Operational condition of wind turbines in California for 86% of the time in the first quarter of 2015. Image courtesy of DollarPhotoClub.com
In addition to being expensive and requiring massive taxpayer subsidies, wind power is also unreliable. On September 3 Marginal Revolution wonders Is there a wind shortage?
Seems that output from US slicer-dicer farms is down 6% in the first half of 2015 even though rated, theoretical capacity is up 9%. Apparently there has been a six month lull in wind speed.
Wind farms have only realized 33% of their potential capacity instead of the typical 38%, according to the quoted industry leaders.

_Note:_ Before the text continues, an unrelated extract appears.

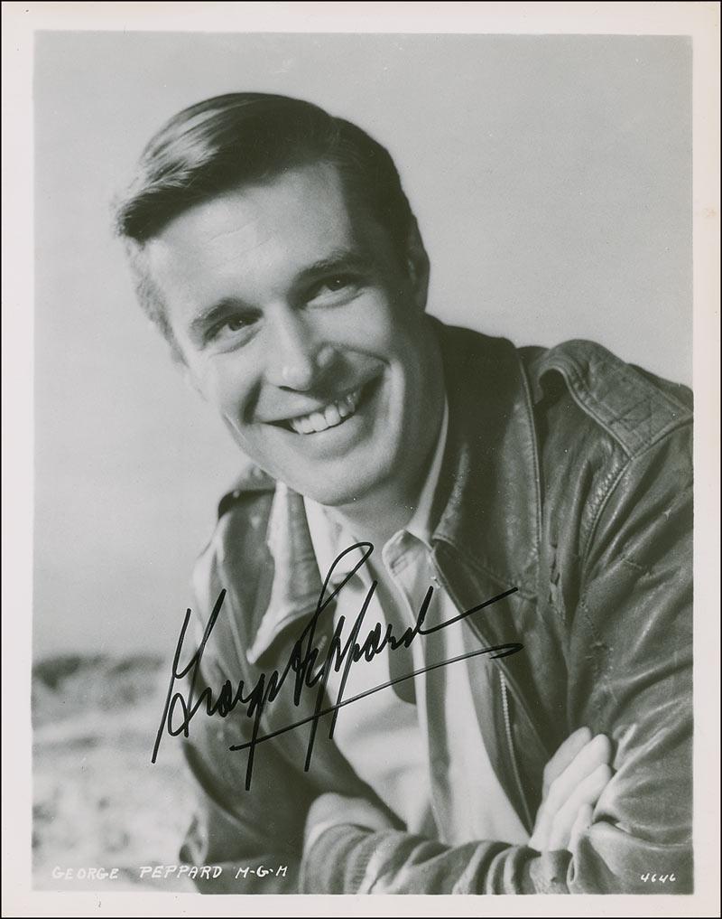 Glossy 8 x 10 photo of the actor early in his career, signed in black felt tip “George Peppard.” In fine condition.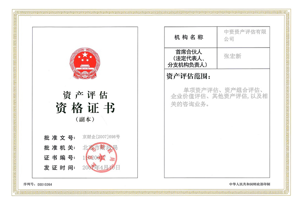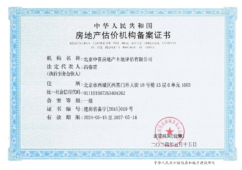 房地產(chǎn)估價(jià)機(jī)構(gòu)資質(zhì)證書(shū)

One wag at the site declared we are harvesting too much wind. We have obviously hit Peak Wind and will now enter an irreversible, unavoidable decline in output. Followup commenter worries our grandchildren will grow up in a kiteless world.
The industry-paid, owned mouthpiece says it is no big deal. The drop in wind is because it is just a part of the normal fluctuation in wind speed.

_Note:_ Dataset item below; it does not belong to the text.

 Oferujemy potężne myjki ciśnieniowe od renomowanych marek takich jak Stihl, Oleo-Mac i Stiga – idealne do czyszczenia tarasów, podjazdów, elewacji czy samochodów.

Umm…unreliability is the point of this post. Thanks for making it for me.
In our society today, the industry-funded researchers are supposed to be ignored, so filter their comments the way you would filter something from API. By our society’s current rules, that means we can brush off everything the paid wind industry lobbyist says as nothing more than paid fluff if we want to.
Anyway, they claim The main reason wind energy output appears lower in 2015? 2014 was a record high wind year. To support their assertion, they claim this is the percentage of capacity realized in the first six months of each year:
- 27% – 2008
- 35% – 2011
- 35% – 2013
- 37% – 2014
- 32% – 2015
Perhaps that is circular reasoning: proof that the wind was gentler is that the industry had lower capacity. I think there is something wrong in the graph, because net generation is higher than capacity every year from 2007 through 2015. I’m not sure, but doubt that actual output can be higher than potential output.

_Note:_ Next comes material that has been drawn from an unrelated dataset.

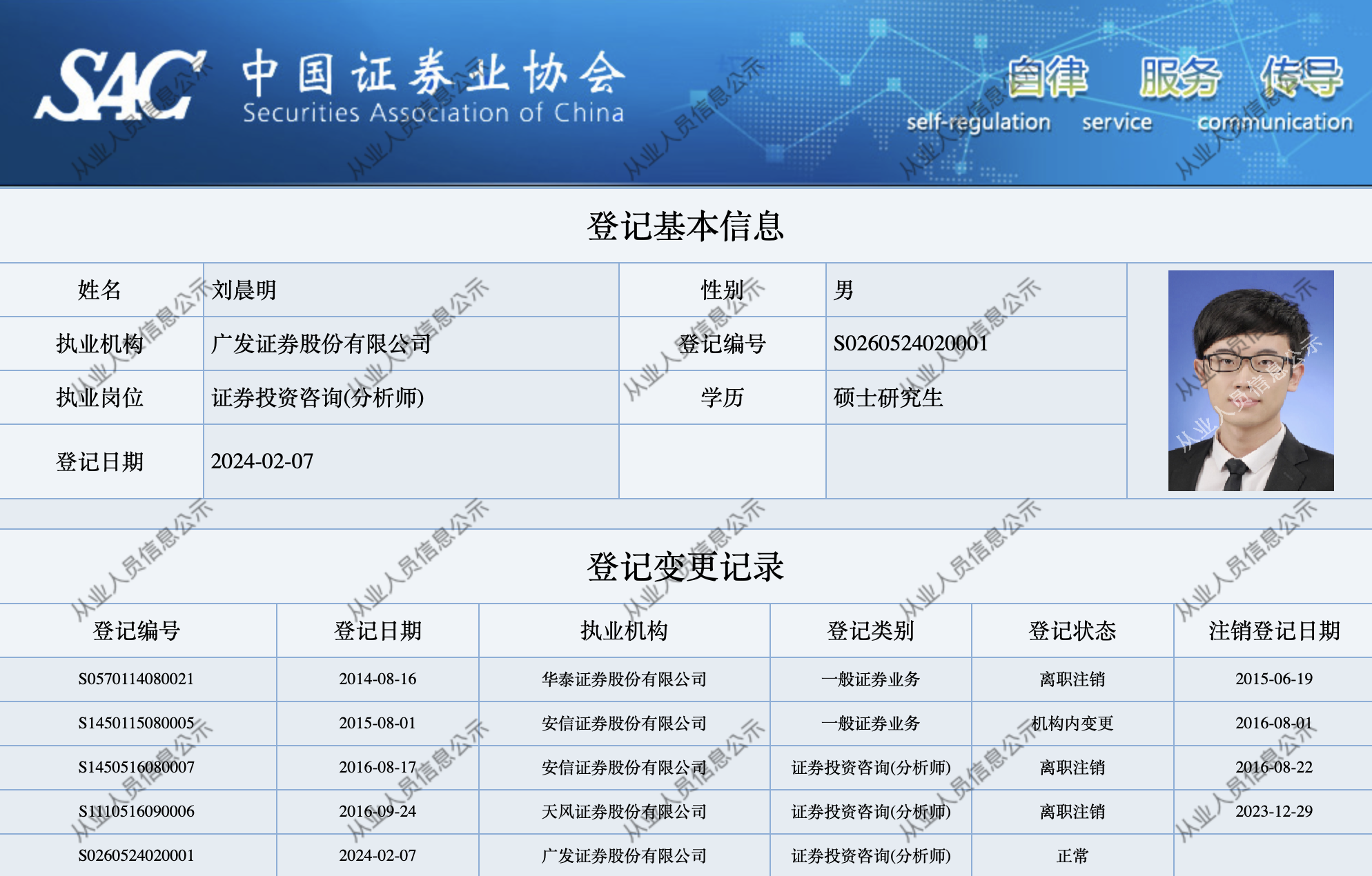 证券业协会官网资料显示,刘晨明的从业资格登记已于2月7日变更至广发证券,登记类别为证券投资咨询(分析师)。

Yet another reason wind power along with solar should be called the unreliables, not the renewables.
Article at Bloomberg Business on 9/1 would disagree with the hired-gun PR expert: Wind-Power Producers Find Profits as Elusive as a Summer Breeze – Multiple wind farm operators are reporting unexpectedly low production.
Tax credits – We have known a long time that wind farms are only viable if massive tax subsidies are provided. Without the feds underwriting much of the cost, wind turbine construction would collapse.
Here’s the magnitude involved. The article says tax credits could hit $2.4 billion in the year ending 9/30/15. Could hit $3.6B in FY 2018.
Wind is blowing below the five-year average
Most important comment in the article is that wind output for the first five months of ’15 are below the five-year average. That means production is far lower than expected.
Wind speed changes. Haphazardly. Unreliable, in other words.
First quarter
This pattern has been visible all year. Consider the first quarter…
5/14 – Platts – Warming weathering in California exposes vulnerabilities of wind power – This article and Million Dollar Way speculates on reasons for the collapse in electricity sales from California wind farms in the first quarter of 2015. Main factors, as speculated, are the lack of preventive maintenance and the life spans of wind turbines being about half as long as projected. Twelve to fifteen years instead of 30.
Instead just look at the collapsing sales. Data is for first quarter of 2015 and first quarter of 2014:
- 2015 2014 # chg % chg
- 1.30M mWh 1.93M Mwh (.63M mWh) (32.7%) sales
- 4,472 mW 4,275 mW +197 mW +4.6% capacity
- 13.5% 21% (7.5%) capacity factor
- 48 44 +4 number of farms
So market capacity grew by 4.6% while sales dropped by 32.7%.
Average hourly production in 2015 Q1 was 595 mW out of the rated capacity of 4,472 mW. That is a staggeringly horrid 13.5% capacity realization.
Unreliable, not renewable.
Cost to build capacity per effective megawatt
Let me extend that concept to the cost to provide electricity.
If the typical cost to put up a 2 mW turbine is around $4M, the cost to build is about $2M per megawatt. At capacity of 13.5%, that makes the cost to build actual output around $14.8M per megawatt.